What model can I use to describe the following time-series? I'm wondering if someone might be able to help me locate an appropriate model for the following two time-series (the cyan and blue one, the reds are rolling means).

I'm looking more for a general direction based on the attributes of the data rather than a "use this" answer. Otherwise I'll learn less. Though all assistance is welcome. 
 A: It helps to know what the data is, but you might first consider adjusting them for seasonality effects. Using the rolling mean as a proxy for what the seasonally adjusted series might look like, I would test the two time series for cointegration since it looks like they could share a common trend (alternately, it could just be the result of strong correlation). This would suggest an error correction model or vector autoregression might be a good initial estimation strategy.

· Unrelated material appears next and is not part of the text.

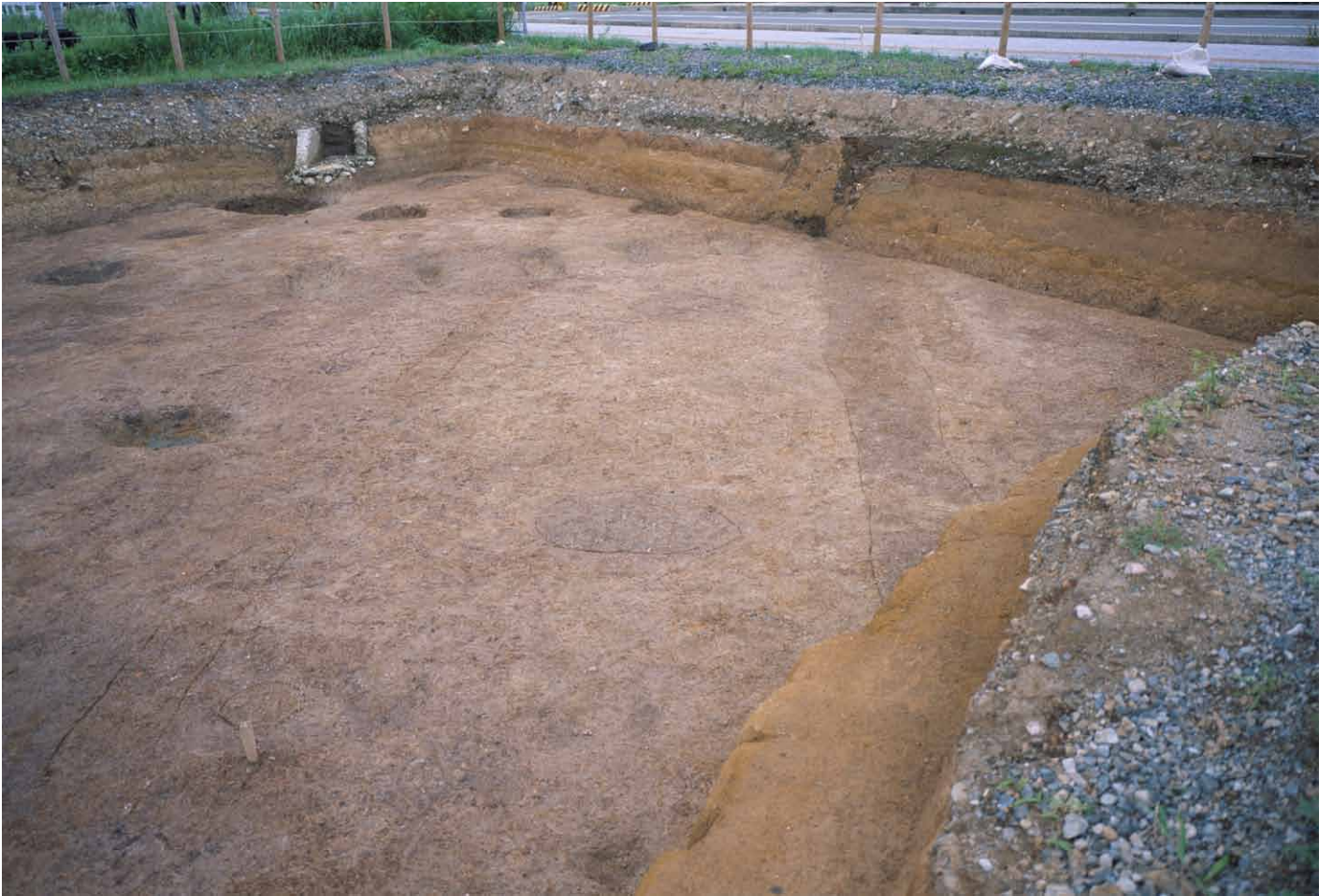
写真 229. 条坊跡第 285 次調査 285SD002・005・010 検出状況（北から）

A: A possible option that has not been mentioned yet is to try to fit a type of univariate time-series model called an ARIMA model. Without being able to investigate the data further, I cannot say specifically which ARIMA would be appropriate for this data, nevertheless, ARIMA is an option worth considering. The only thing I could say is that it does look as though some degree of differencing would be required to induce stationarity (for both series).
Testing for cointegration, as already mentioned, looks like a good idea. Keep in mind that even if the two series are not cointegrated, you can still use a VAR (rather than a (vector) error correction model (VECM)).
I haven't said which particular model will fit this data (very difficult to answer without having the data!), but I have provided you with three classes of models that are worth investigating. There's actually a lot in that.
A: I would suggest that you peruse this inside-R thread. It has R code, and on the face of it, your problem and that outlined in the link seem similar.